S’il est difficile d’établir des critères absolus en ce qui concerne l’octroi d’une distinction à une personne décédée ou gravement blessée, il convient toutefois de faire une distinction entre les accidents et les assassinats. Ainsi, il convient d’honorer ceux qui sont morts ou ont subi un grave préjudice physique ou psychologique dans l’accomplissement de leur mission (par exemple, meurtre, blessure causée par un combattant, acte de banditisme, prise d’otage, viol, accident lors d’une opération de secours au cours d’une catastrophe naturelle ou technologique). Un décès, une blessure non prémédités, mais provoqués par une mine, une balle perdue, notamment, pourraient aussi être considérés comme dignes de reconnaissance.

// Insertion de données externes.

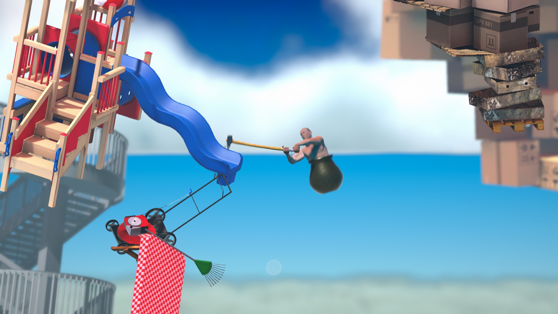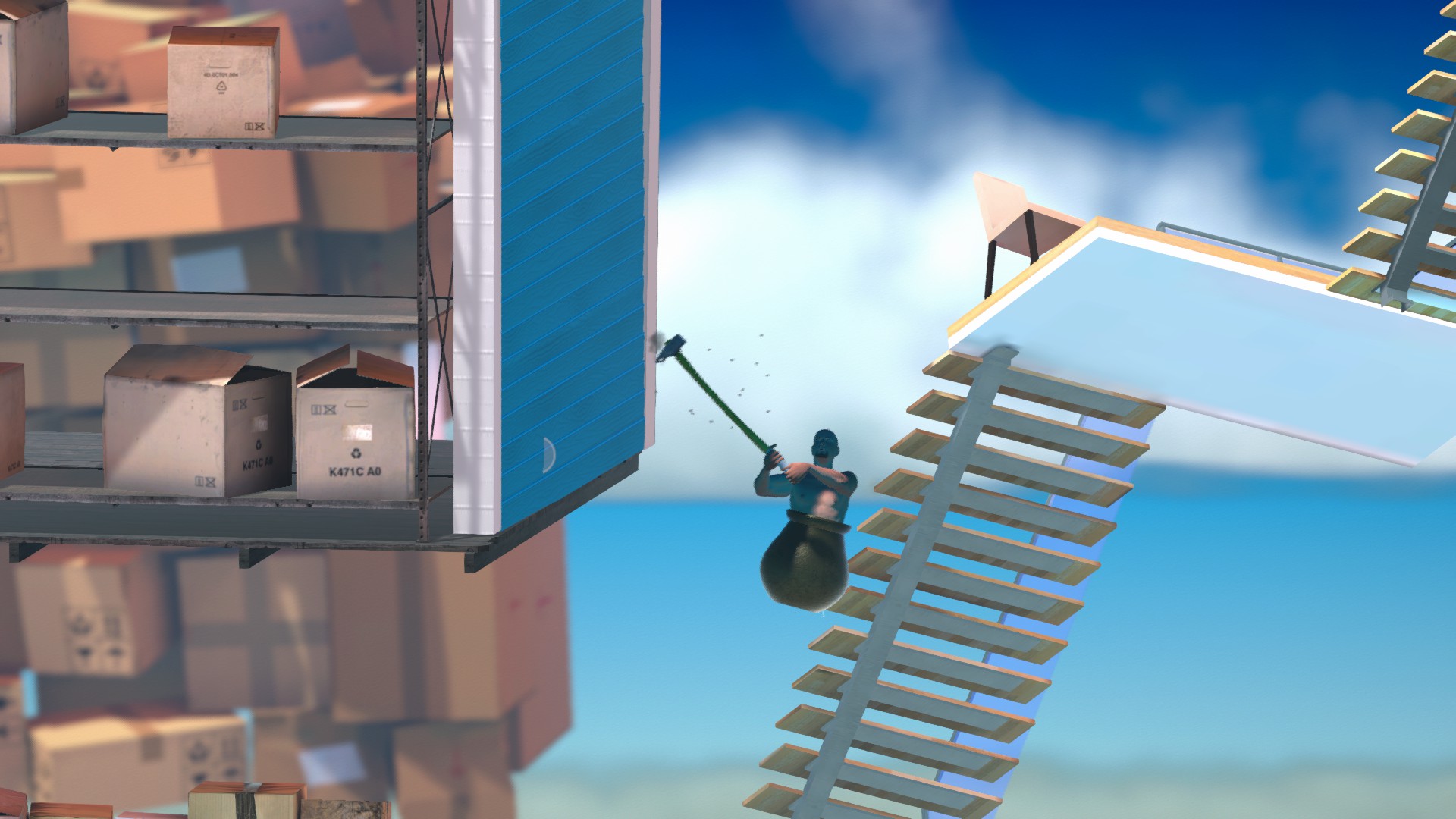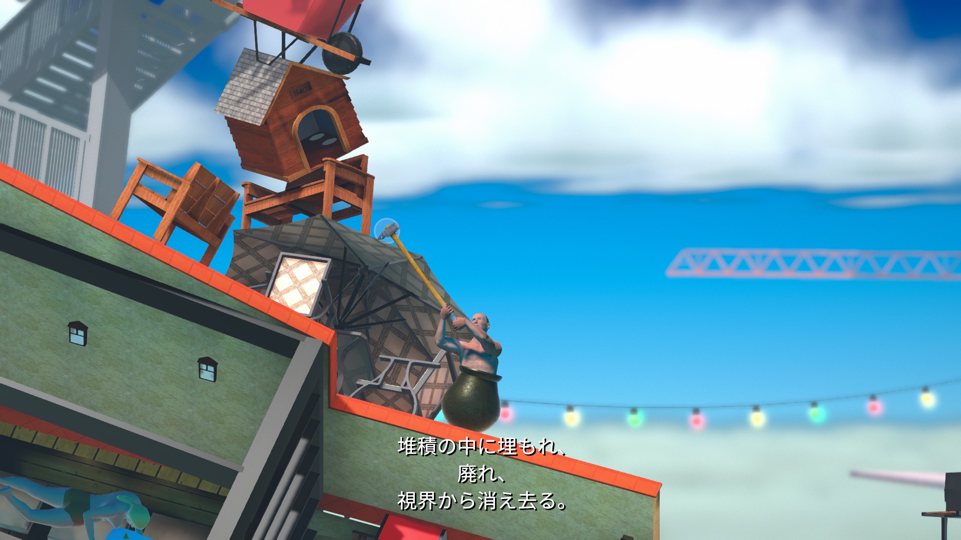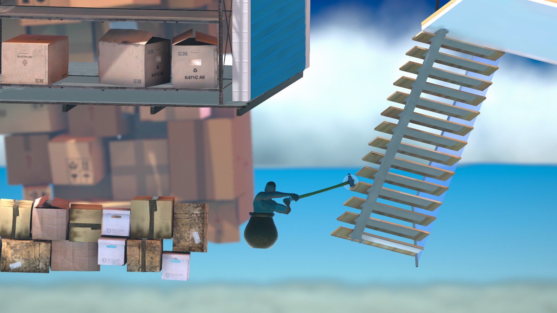 上のコンテナにもしっかり当たり判定があるので、ハンマーだけ棒に引っ掛けましょう。

3.2  Type de distinction  

La distinction qui est décernée aux personnes blessées ou tuées en mission ne doit pas nécessairement prendre la forme d’une médaille. Celle-ci pourrait être remplacée par un document écrit, comme un certificat de reconnaissance, et une cérémonie qui serait publique avec couverture médiatique. En effet, la publicité donnée à la distinction accordée est un aspect important d e la reconnaissance que la Croix-Rouge ou le Croissant-Rouge témoigne à ses membres, qui prennent souvent des risques pour autrui.

     

  4. Conclusion  

La Commission permanente attribuera la médaille Henry Dunant aux membres du Mouvement, conformément à l’objet et aux critères définis dans le règlement, tels qu’ils sont interprétés aux points 2 et 3 du présent document. En outre, elle recommande à chaque composante du Mouvement de créer sa propre distinction honorifique, afin de rendre hommage à ses membres qui sont morts ou ont subi un grave préjudice physique ou psychologique dans l’accomplissement de leur mission.

  Notes:  

1. Sociétés nationales de la Croix-Rouge et du Croissant-Rouge, Fédération internationale des Sociétés de la Croix-Rouge et du Croissant-Rouge, Comité international de la Croix-Rouge.

2. Voir les lettres circulaires adressées les 27 novembre 1994 et 15 novembre 1996 par la Commission permanente aux Sociétés nationales, concernant l’attribution de la médaille Henry Dunant.

3. Voir articles 1, 2, 5 et 6 du Règlement.